- _ACTIVITY_: Check each line of the material below, and copy it if it holds the string "look".

◆ ◆ ◆ ◆ ◆ ◆ ◆

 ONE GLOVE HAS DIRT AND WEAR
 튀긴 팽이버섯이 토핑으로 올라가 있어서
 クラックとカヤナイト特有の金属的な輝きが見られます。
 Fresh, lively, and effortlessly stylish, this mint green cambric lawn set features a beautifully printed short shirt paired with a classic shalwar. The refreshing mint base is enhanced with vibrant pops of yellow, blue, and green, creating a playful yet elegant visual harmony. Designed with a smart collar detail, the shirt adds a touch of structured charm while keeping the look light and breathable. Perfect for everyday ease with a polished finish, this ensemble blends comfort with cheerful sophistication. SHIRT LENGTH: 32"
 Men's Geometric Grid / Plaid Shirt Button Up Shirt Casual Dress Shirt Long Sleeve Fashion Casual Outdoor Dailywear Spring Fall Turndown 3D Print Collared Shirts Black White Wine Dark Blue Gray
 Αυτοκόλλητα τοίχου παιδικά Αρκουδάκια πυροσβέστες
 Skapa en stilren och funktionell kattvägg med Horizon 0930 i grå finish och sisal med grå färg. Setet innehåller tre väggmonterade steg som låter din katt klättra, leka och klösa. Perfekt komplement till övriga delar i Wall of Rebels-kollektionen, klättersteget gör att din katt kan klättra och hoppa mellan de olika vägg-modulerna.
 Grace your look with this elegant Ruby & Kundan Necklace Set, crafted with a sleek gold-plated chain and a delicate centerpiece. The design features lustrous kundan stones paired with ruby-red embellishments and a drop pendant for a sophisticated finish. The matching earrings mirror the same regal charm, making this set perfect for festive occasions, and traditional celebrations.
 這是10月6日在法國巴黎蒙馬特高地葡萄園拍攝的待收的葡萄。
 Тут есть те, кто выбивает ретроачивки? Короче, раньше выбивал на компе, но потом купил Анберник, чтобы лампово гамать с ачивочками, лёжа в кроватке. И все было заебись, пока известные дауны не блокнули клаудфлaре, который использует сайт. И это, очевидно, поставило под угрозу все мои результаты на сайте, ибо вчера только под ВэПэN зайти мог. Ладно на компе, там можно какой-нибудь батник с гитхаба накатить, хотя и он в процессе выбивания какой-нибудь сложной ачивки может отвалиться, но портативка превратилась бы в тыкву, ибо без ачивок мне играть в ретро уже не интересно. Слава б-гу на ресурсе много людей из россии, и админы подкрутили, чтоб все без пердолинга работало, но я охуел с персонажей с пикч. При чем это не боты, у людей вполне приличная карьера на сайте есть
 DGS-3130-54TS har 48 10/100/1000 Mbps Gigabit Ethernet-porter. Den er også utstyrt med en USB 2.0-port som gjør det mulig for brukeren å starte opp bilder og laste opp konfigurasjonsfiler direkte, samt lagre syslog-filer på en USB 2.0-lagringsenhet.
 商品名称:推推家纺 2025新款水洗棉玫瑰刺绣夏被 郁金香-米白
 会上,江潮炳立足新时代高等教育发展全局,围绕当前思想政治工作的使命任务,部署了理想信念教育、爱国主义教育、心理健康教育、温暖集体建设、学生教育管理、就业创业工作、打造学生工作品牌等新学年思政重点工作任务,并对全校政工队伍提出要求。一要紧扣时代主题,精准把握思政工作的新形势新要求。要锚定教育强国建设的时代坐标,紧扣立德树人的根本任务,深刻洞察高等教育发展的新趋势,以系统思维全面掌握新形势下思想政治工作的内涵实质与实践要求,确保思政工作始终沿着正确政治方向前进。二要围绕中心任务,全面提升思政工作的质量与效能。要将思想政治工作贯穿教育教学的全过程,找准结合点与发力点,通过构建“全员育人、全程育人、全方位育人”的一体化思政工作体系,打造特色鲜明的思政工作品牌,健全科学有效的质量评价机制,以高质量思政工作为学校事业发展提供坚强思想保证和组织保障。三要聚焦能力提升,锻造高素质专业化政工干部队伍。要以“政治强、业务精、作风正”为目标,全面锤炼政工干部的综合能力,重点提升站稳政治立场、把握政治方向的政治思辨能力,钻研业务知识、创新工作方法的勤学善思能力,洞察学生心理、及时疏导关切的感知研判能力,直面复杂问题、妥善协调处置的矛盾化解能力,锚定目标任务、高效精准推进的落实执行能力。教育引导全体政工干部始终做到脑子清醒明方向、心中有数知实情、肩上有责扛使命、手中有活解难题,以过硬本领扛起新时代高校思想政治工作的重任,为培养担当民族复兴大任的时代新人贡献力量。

◆ ◆ ◆ ◆ ◆ ◆ ◆

- _ANSWER BELOW_:
 Fresh, lively, and effortlessly stylish, this mint green cambric lawn set features a beautifully printed short shirt paired with a classic shalwar. The refreshing mint base is enhanced with vibrant pops of yellow, blue, and green, creating a playful yet elegant visual harmony. Designed with a smart collar detail, the shirt adds a touch of structured charm while keeping the look light and breathable. Perfect for everyday ease with a polished finish, this ensemble blends comfort with cheerful sophistication. SHIRT LENGTH: 32"
 Grace your look with this elegant Ruby & Kundan Necklace Set, crafted with a sleek gold-plated chain and a delicate centerpiece. The design features lustrous kundan stones paired with ruby-red embellishments and a drop pendant for a sophisticated finish. The matching earrings mirror the same regal charm, making this set perfect for festive occasions, and traditional celebrations.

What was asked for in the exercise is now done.